A helicopter is ascending vertically with a speed of 5.60m/s. At a hight of 115m above the earth, a package is dropped from a window. How much time does it take for the package to reach the ground.
From Vf = Vo - 9.8t, 5.6 = 0 - 9.8t or t = .571sec. to zero verical velocity and maximum height.
From h = Vot - 4.9t^2, h = .56(.571) - 4.9(.571)^2 or h = 1.597 m upward from the 115m drop point for a total height of 116.56m.
Again, from h = Vot + 4.9t^2, the time to reach the ground derives from
116.56 = 0(t) + 4.9t^2 or t = 4.85 sec.
To find the time it takes for the package to reach the ground, we can use the equation of motion for an object in free fall.
The equation to calculate the time taken by an object in free fall is given by:
h = (1/2) * g * t^2
Where:
h is the height from which the object is dropped (115m in this case)

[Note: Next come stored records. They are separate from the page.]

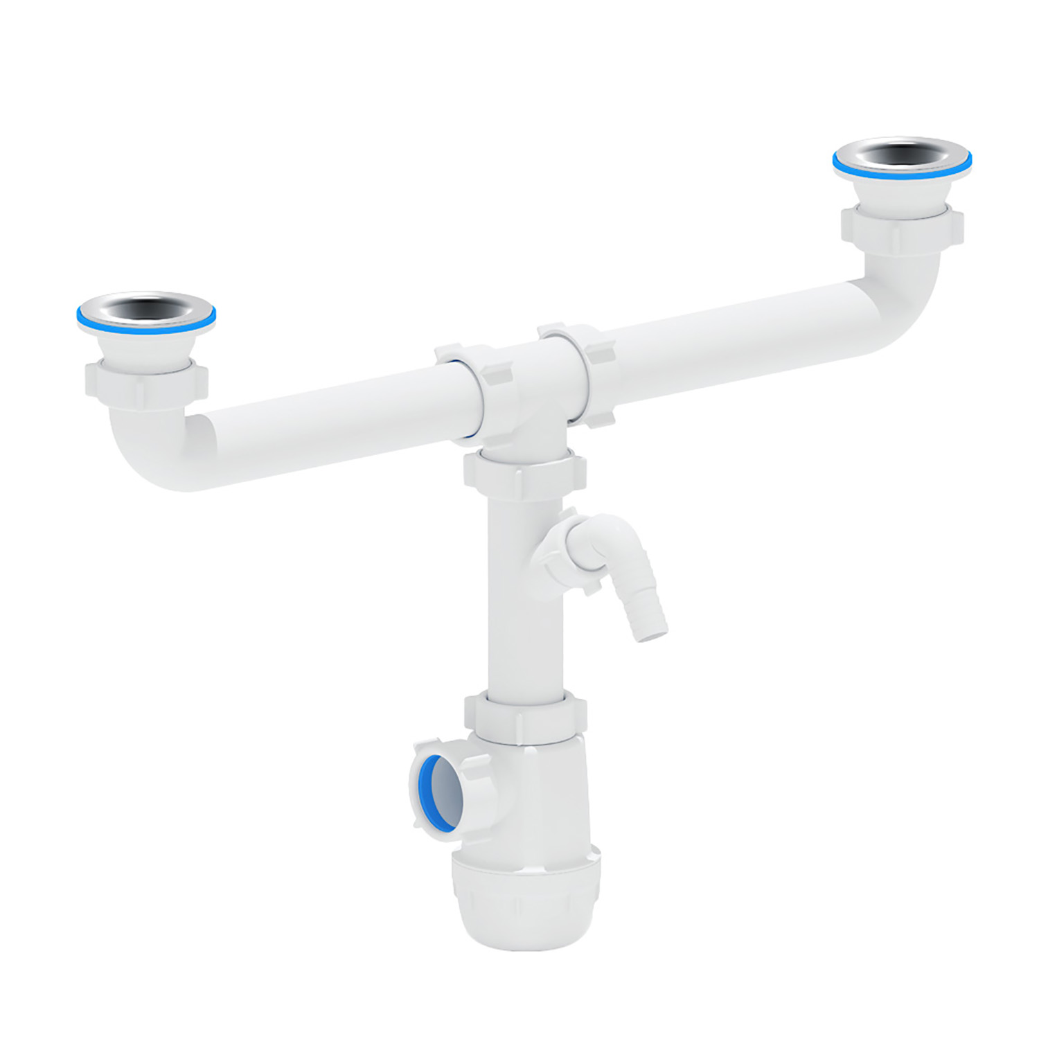 Сифон для кухонной мойки с двумя чашами и сливными отверстиями 50 мм. Выход для подключения к канализации 40 мм.
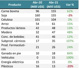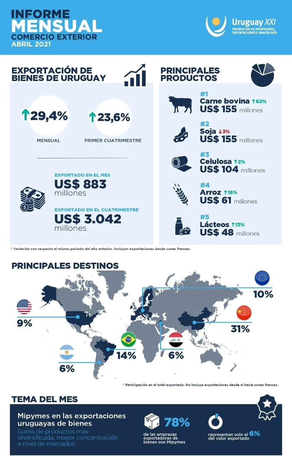 La suba del último mes se debió principalmente a mayores exportaciones de carne bovina, subproductos cárnicos, madera, autopartes, ganado en pie, arroz y lanas y tejidos, informó Uruguay XXI. Cabe recordar que durante abril del año pasado el comercio exterior de Uruguay sufrió una contracción del 23% por los efectos de la pandemia. Sin embargo, desde el último trimestre de 2020 se viene consolidando una sostenida recuperación.
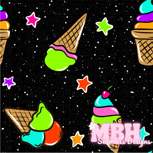 Neon Ice Cream Cones SAFE SWIM Seamless Pattern // PNG • MULTIPLE COLORWAYS
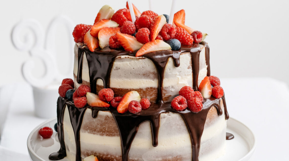 4) Lavora a pomata il burro rimasto, quindi montalo con le fruste insieme ad un po’ di zucchero a velo per renderlo spumoso. Aggiungi via via tutto lo zucchero a velo e poi il formaggio spalmabile. Taglia le due torte a metà in senso orizzontale e farciscile con 2 terzi della crema al formaggio: premi un po’ e spatola sui bordi la crema eccedente. Copri anche la superficie delle basi con la crema rimasta. Sistema la base più larga su un piatto da portata e versaci sopra un po’ più di metà della salsa al cioccolato, facendola colare lungo i bordi. Impila la seconda torta sulla prima e versa su di essa il resto della salsa. Completa con i frutti di bosco (fragole, mirtilli, lamponi). Servi la torta al tè con salsa di cioccolato e frutti rossi.

g is the acceleration due to gravity (approximately 9.8 m/s^2)
t is the time taken for the object to reach the ground
Rearranging the equation to solve for t, we get:
t = √(2h/g)
Substituting the given values, we have:
t = √(2 * 115 / 9.8)
t = √(230 / 9.8)
t = √23.47
Therefore, the time it takes for the package to reach the ground is approximately 4.84 seconds (rounded to two decimal places).
Note: This calculation assumes that air resistance is negligible.